■ **DIRECTIONS**
Could you reproduce all the entries under this sentence exactly, leaving the images aside?

Records contained in a dataset
>>>

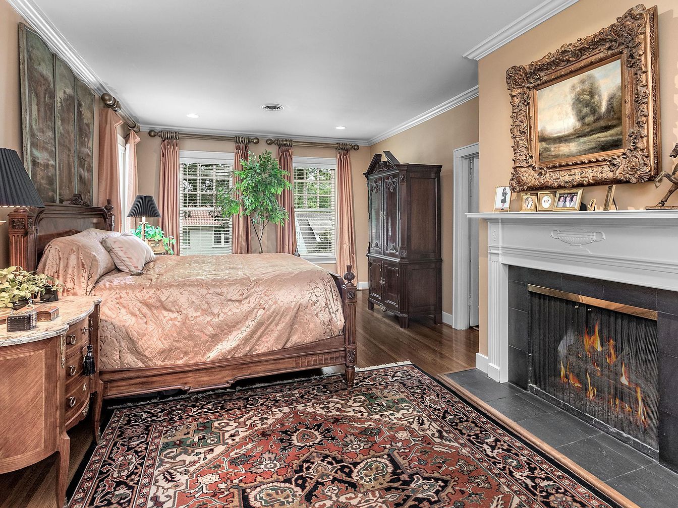 This spacious bedroom features a warm, traditional aesthetic with a large fireplace and ornately framed artwork above it as a focal point. The bed has an intricate wooden headboard and is dressed in a pale, shimmer-patterned coverlet, matching the peach-toned walls and rich drapery. Decorative black lamps frame the bed, while a dark wood armoire stands in the corner. An ornate rug with red, black, and ivory patterns covers the hardwood floor. The room is brightened by windows with golden drapes, filtered natural light, and a tall indoor plant adds greenery for an inviting, elegant atmosphere.
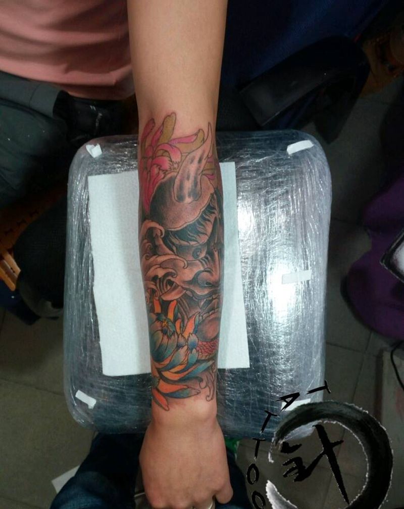 当前位置: 首页 >云南省昆明市纹身店-tattoo针尖下的艺术纹身图案>般若纹身图片_手臂传统鬼神原创小白刺青塔图~针成品纹身图案
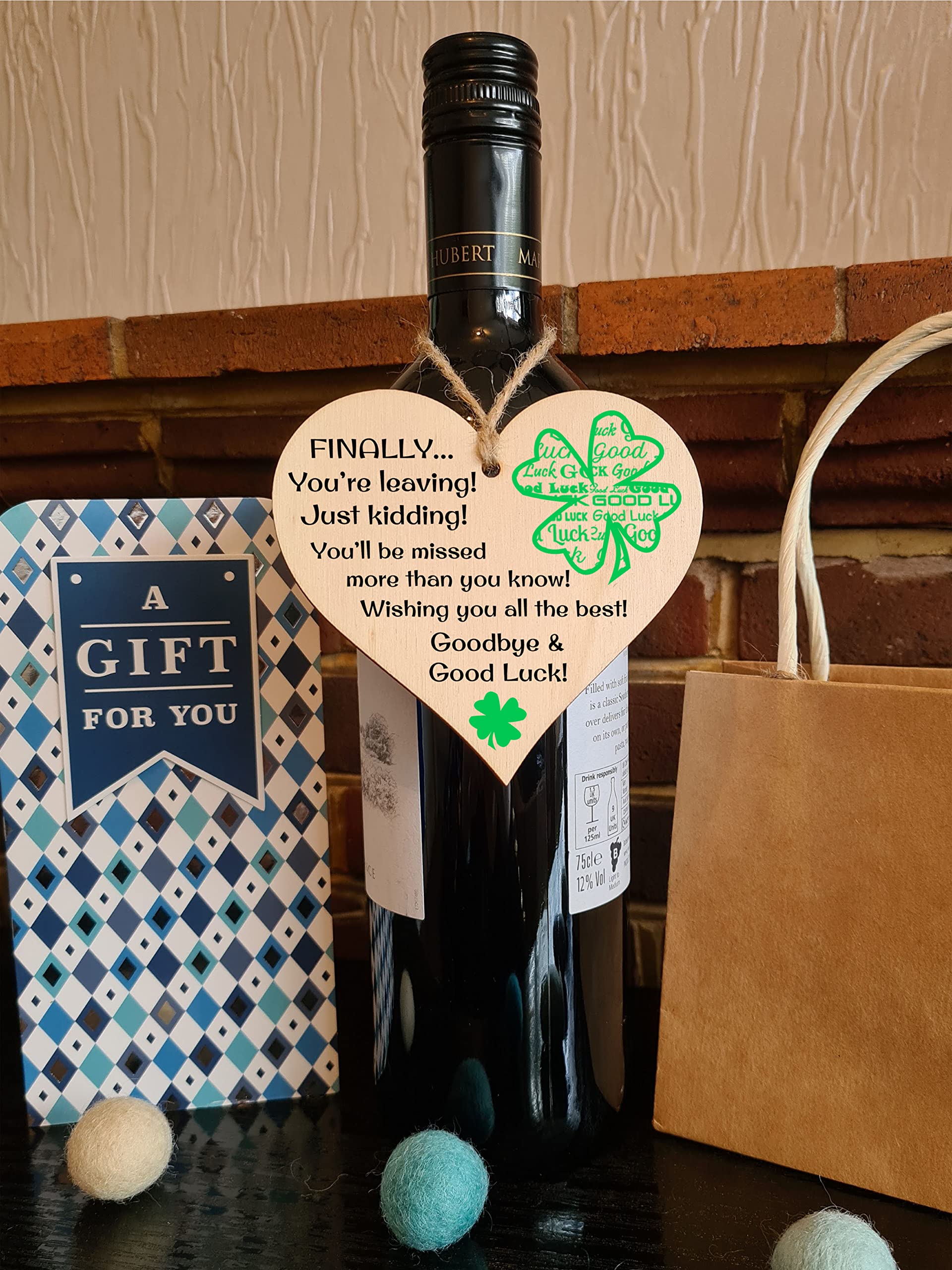 Beautiful handmade wooden heart shaped plaque. Shabby chic style hanging sign, with a unique printed design. Ideal gift for someone special. Made from high quality sustainable 3mm Plywood (Programme for the Endorsement of Forest Certification). Can be used as a hanging decoration, or even as a gift tag. Tag Reads Finally… Your'e Leaving!! Just kidding! You'll be missed more than you know. Wishing you all the best. Goodbye & Good Luck.
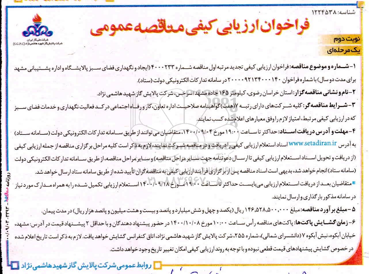 1- شماره و موضوع مناقصه: فراخوان ارزیابی کیفی مناقصه شماره 4000233 ( ایجاد و نگهداری فضای سبز پالایشگاه و اداره پشتیبانی مشهد برای مدت دو سال) با شماره فراخوان 2000092134000140 در سامانه تدارکات الکترونیکی دولت ستاد
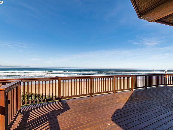 Spellbinding views define this gorgeous Roads End oceanfront. Stunning architectural elements w/ windows that run length of great room, vaulted ceilings, Indonesian Merbau hardwood floors, imported granites & gorgeous gourmet kitchen, replete with top drawer accoutrements. Master suite has private deck access & spa inspired bathroom. Garden level: Full 2nd kitchen, family room + 2 guest rooms. Huge decks on both levels. Sublime.
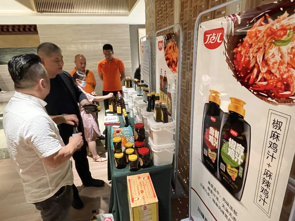 ? ? ? 大會(huì)現(xiàn)場(chǎng),丁點(diǎn)兒股份帶來了在史正良大師的指導(dǎo)下研發(fā)推出的干鍋醬以及麻得倒花椒油、椒麻雞汁、川味辣鹵、油醋汁等企業(yè)明星產(chǎn)品進(jìn)行展示,豐富的產(chǎn)品種類給大家留下深刻印象,讓大家紛紛索取樣品。
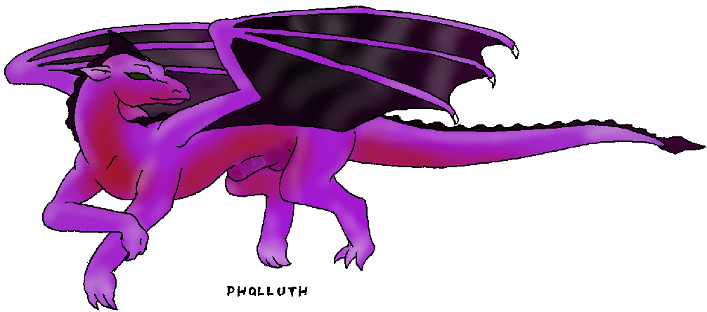 Violet Red Phalluth - going with Male Model Kyle As you can see, Phalluth is as Phalluth does. It'll take a large, strong willed female to please this two-toned dragon. He's around 32 feet long but with a dick that big you'd think it belonged to a much larger dragon. Markings and size will certainly inherit if this lovely violet male gets going. |
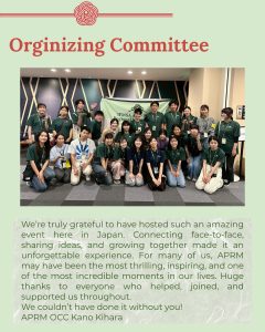 今年度のAPRMは約60名のIFMSA-Japan Staffが運営に携わるなど、IFMSA-Japan全体が一丸となって国際的な繋がりを深めました。また、他国の学生にIFMSA-Japanや日本の魅力を知ってもらう貴重な場となりました。
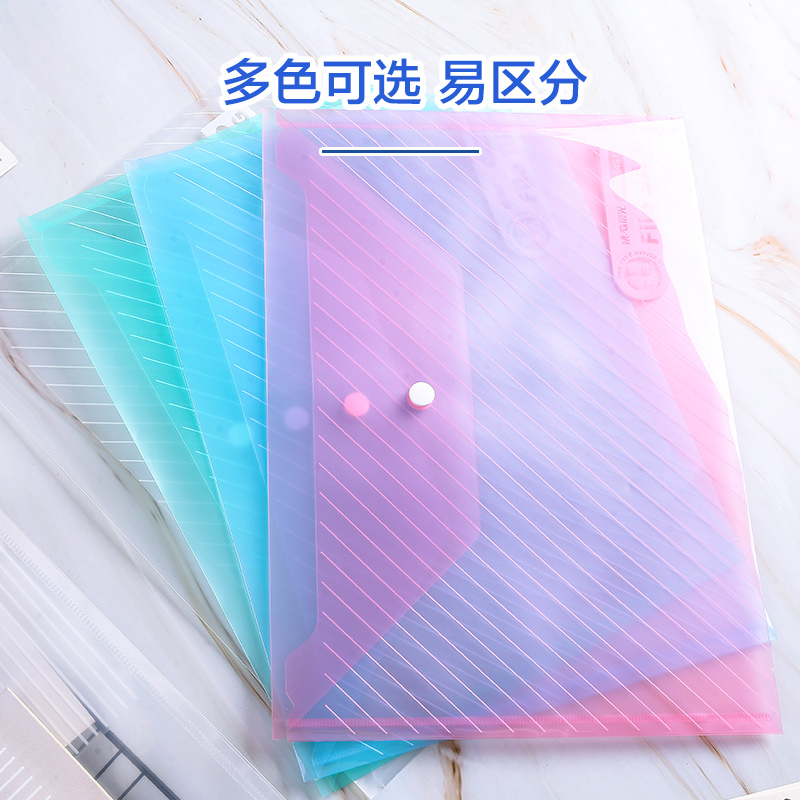 Morning light stationery button bag Document bag A4 transparent thickened waterproof large capacity labor-saving student paper certificate induction Office data contract classification archive Multi-function storage and finishing bag
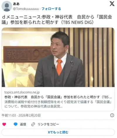 【国民会議】参政・神谷代表 自民から参加を断られたと明かす
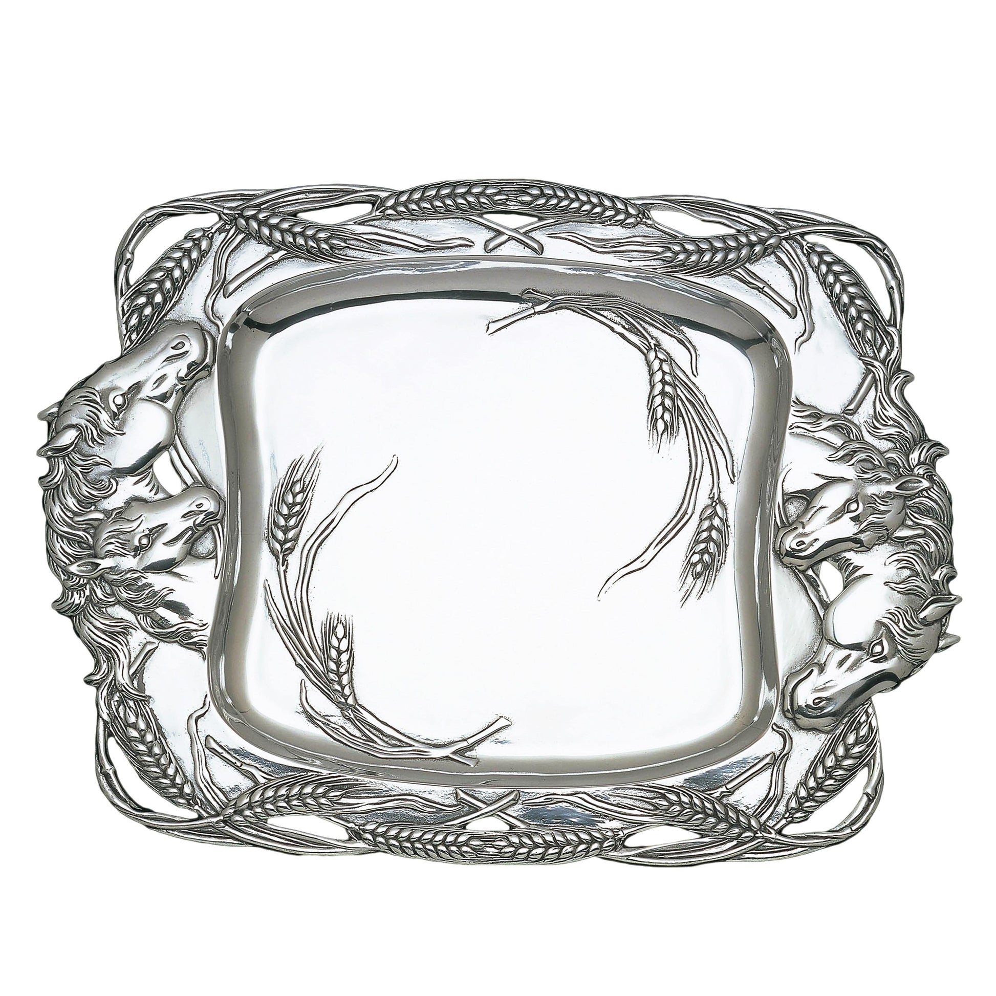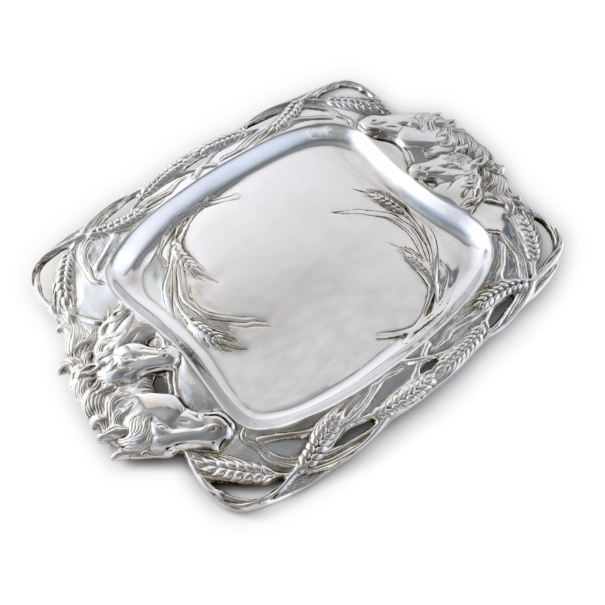 Experience the rustic charm of our finely detailed Arthur Court's Equestrian Horse Clutch Tray. Ideal for serving at your elaborate rustic themed parties, this exquisite piece from Arthur Court's Equestrian Collection adds a Renaissance touch to your special occasions. Reflecting superior craftsmanship, this handcrafted aluminum horse clutch tray presents a delightful gifting opportunity.

<<<

■ **RESPONSE TO THIS TASK**
 This spacious bedroom features a warm, traditional aesthetic with a large fireplace and ornately framed artwork above it as a focal point. The bed has an intricate wooden headboard and is dressed in a pale, shimmer-patterned coverlet, matching the peach-toned walls and rich drapery. Decorative black lamps frame the bed, while a dark wood armoire stands in the corner. An ornate rug with red, black, and ivory patterns covers the hardwood floor. The room is brightened by windows with golden drapes, filtered natural light, and a tall indoor plant adds greenery for an inviting, elegant atmosphere.
 当前位置: 首页 >云南省昆明市纹身店-tattoo针尖下的艺术纹身图案>般若纹身图片_手臂传统鬼神原创小白刺青塔图~针成品纹身图案
 Beautiful handmade wooden heart shaped plaque. Shabby chic style hanging sign, with a unique printed design. Ideal gift for someone special. Made from high quality sustainable 3mm Plywood (Programme for the Endorsement of Forest Certification). Can be used as a hanging decoration, or even as a gift tag. Tag Reads Finally… Your'e Leaving!! Just kidding! You'll be missed more than you know. Wishing you all the best. Goodbye & Good Luck.
 1- شماره و موضوع مناقصه: فراخوان ارزیابی کیفی مناقصه شماره 4000233 ( ایجاد و نگهداری فضای سبز پالایشگاه و اداره پشتیبانی مشهد برای مدت دو سال) با شماره فراخوان 2000092134000140 در سامانه تدارکات الکترونیکی دولت ستاد
 Spellbinding views define this gorgeous Roads End oceanfront. Stunning architectural elements w/ windows that run length of great room, vaulted ceilings, Indonesian Merbau hardwood floors, imported granites & gorgeous gourmet kitchen, replete with top drawer accoutrements. Master suite has private deck access & spa inspired bathroom. Garden level: Full 2nd kitchen, family room + 2 guest rooms. Huge decks on both levels. Sublime.
 ? ? ? 大會(huì)現(xiàn)場(chǎng),丁點(diǎn)兒股份帶來了在史正良大師的指導(dǎo)下研發(fā)推出的干鍋醬以及麻得倒花椒油、椒麻雞汁、川味辣鹵、油醋汁等企業(yè)明星產(chǎn)品進(jìn)行展示,豐富的產(chǎn)品種類給大家留下深刻印象,讓大家紛紛索取樣品。
 Violet Red Phalluth - going with Male Model Kyle As you can see, Phalluth is as Phalluth does. It'll take a large, strong willed female to please this two-toned dragon. He's around 32 feet long but with a dick that big you'd think it belonged to a much larger dragon. Markings and size will certainly inherit if this lovely violet male gets going. |
 今年度のAPRMは約60名のIFMSA-Japan Staffが運営に携わるなど、IFMSA-Japan全体が一丸となって国際的な繋がりを深めました。また、他国の学生にIFMSA-Japanや日本の魅力を知ってもらう貴重な場となりました。
 Morning light stationery button bag Document bag A4 transparent thickened waterproof large capacity labor-saving student paper certificate induction Office data contract classification archive Multi-function storage and finishing bag
 【国民会議】参政・神谷代表 自民から参加を断られたと明かす
 Experience the rustic charm of our finely detailed Arthur Court's Equestrian Horse Clutch Tray. Ideal for serving at your elaborate rustic themed parties, this exquisite piece from Arthur Court's Equestrian Collection adds a Renaissance touch to your special occasions. Reflecting superior craftsmanship, this handcrafted aluminum horse clutch tray presents a delightful gifting opportunity.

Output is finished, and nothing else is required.